The SDL3 Audio Subsystem

3 comments

  1. tjf
    Link
    SDL developer Ryan C. Gordon (aka Icculus) gives a brief overview of the new audio subsystem in the upcoming SDL3.

    SDL developer Ryan C. Gordon (aka Icculus) gives a brief overview of the new audio subsystem in the upcoming SDL3.

    4 votes
  2. Moonchild
    (edited )
    Link
    Frankly speaking, although I appreciate that they've added fuller audio graph management, this seems to me like somewhat poorer layering and abstraction compared to what gorilla audio does (both...

    Frankly speaking, although I appreciate that they've added fuller audio graph management, this seems to me like somewhat poorer layering and abstraction compared to what gorilla audio does (both in its initial incarnation and what I've added)—of course, there are a number of things that I think gorilla could do better at or misses, but I think it compares favourably, even in its current state.

    The kind of low-level interface he initially describes sdl2 as having—with no mixing done automatically—is definitely something you want; not even necessarily to avoid the latency added by the mix—since you will have to do some sort of mixing anyway—but in order to have control and knowledge of the latency characteristics (suppose you make live music and your principal goal is to keep latency consistent rather than minimise it). But sdl2 doesn't actually let you know anything about how much latency you have to contend with. Gorilla has direct accommodations thattaways (note in particular the subtle difference between SyncPipe and SyncShared). One thing it could do better, though, is to be more granular—currently it discretises to 'buffers', which is not super nice.

    Push-style streams are trivial to layer over callback-based pull streams (I haven't done it in gorilla, but it would probably be a 50-line patch), but the issue is that without lightweight threads or coroutines (which allow for more effective abstraction of control), backpressure/queue sizing has to be managed in scattershot fashion; pull-style lets that be centralised (one facet of which gorilla's buffered streams handle nicely and simply).

    (Hence the comment 'if you are not ready for it when it comes and you can't generate enough sound you are gonna get ... some sort of terrible thing' rings a bit hollow to me—it's not that the old interface was deficient in this respect; it's just that it was low level, so you had to implement the queueing yourself, and now they've added higher-level abstractions.
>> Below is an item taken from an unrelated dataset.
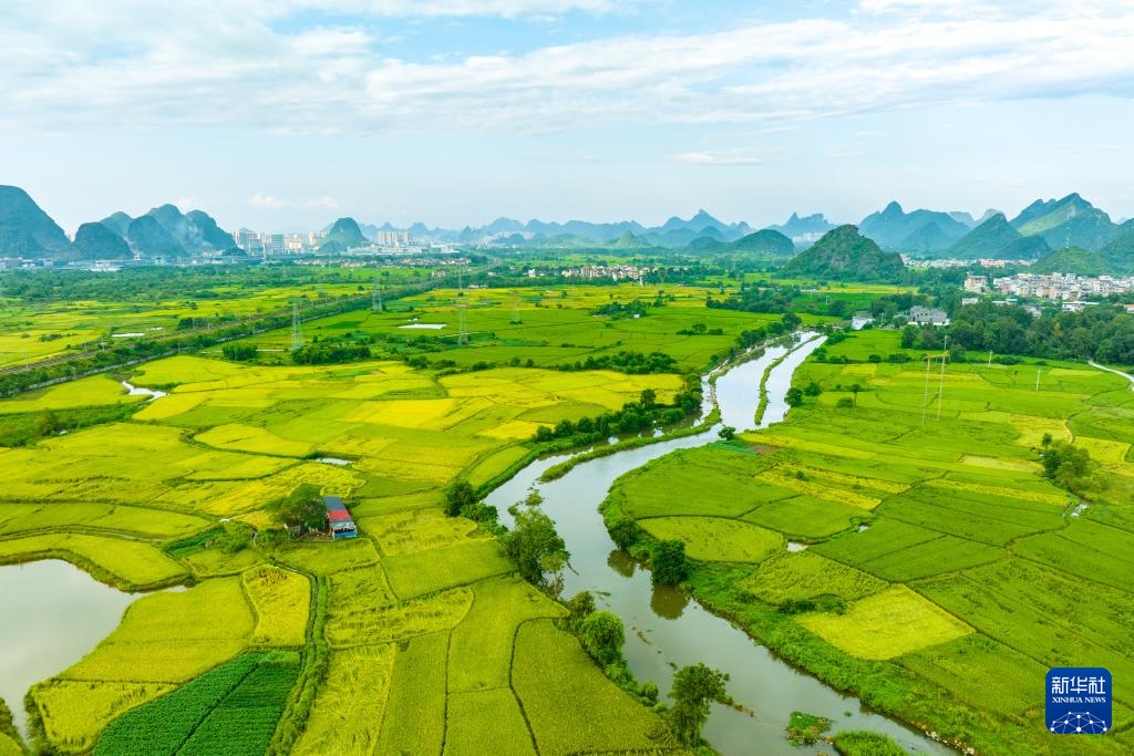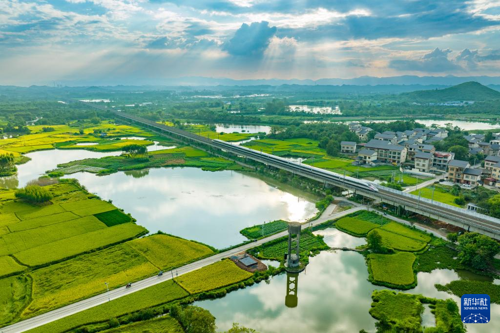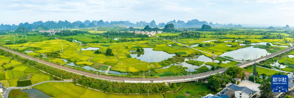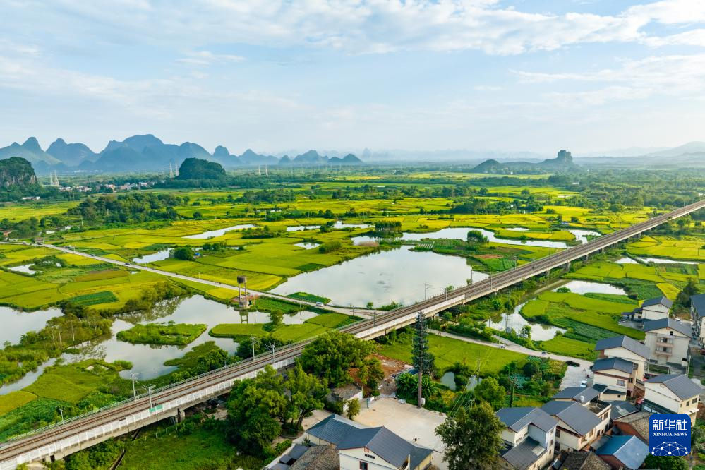 2024年9月16日,在廣西桂林市臨桂區四塘鎮太平村,濕地、田園、村莊、鐵路、晚霞相映成趣,一幅秀美的鄉村秋色畫卷展現在眼前。近年來,當地持續推進農村環境綜合整治,大力發展農村經濟,農村處處呈現出產業興、鄉村美的新畫卷。

Which is definitely valuable!—but a change to the interface doesn't fundamentally solve or change the problems of latency and queueing.)

    One thing that I think is flawed about the current gorilla design is that it handles format conversions automatically at playback time. Better and more modular would be to have an explicit adapter node. SDL's design is even worse, though, shoving conversions directly into the core audio stream abstraction. (Similarly, forking—which is not currently supported in gorilla, but which would again be a 50-line patch and trivially include user-controllable queue parameters—should be explicit, just like mixing.) SDL3 does putatively applies jukebox parameters at mix-time, rather than earlier, just like gorilla, putatively avoiding spurious added latency. (I think the missing link for them wrt the latter issue is probably the lack of a 'handle' abstraction.)

    Sdl does seem to have gotten the queueing management right for a fancy sinc fir for resampling. I was going to use libsrc for this, but it lacks the requisite controls, so I am going to have to implement that myself. On the other hand, I have some extra queueing functionality exposed. And my design admits user-controllable resampling methods, which is significant as a sinc fir is obligatorily going to need more queueing and add more latency than, say, a linear interpolator (which only needs to queue a single frame and still offers reasonable quality for a lot of applications)—I hear users having knowledge and needing control over latency/queueing is a thing :)

    Both gorilla and sdl3 have zero-copy negotiation at the device level, but not at the source level; hence, there can be spurious copies (ignore the mutex shenanigans; it was that way when I got it and haven't gotten around to fixing it yet).

    I should also mention that, although I've talked a lot about functionality, gorilla remains easy to use for simple applications—this is again an issue of good abstraction and layering. See a simple example of a tone rendered using a high-level api and a mixer, same tone rendered directly to device, and audio player—all are really very simple.

    3 votes
  3. text_garden
    Link
    To me this seems a bit like the audio queues in SDL2 with the addition of the logical device abstraction, but I've always opted to use the callback, so I don't know the pains of audio queues. Is...

    To me this seems a bit like the audio queues in SDL2 with the addition of the logical device abstraction, but I've always opted to use the callback, so I don't know the pains of audio queues. Is there much more to it?

    1 vote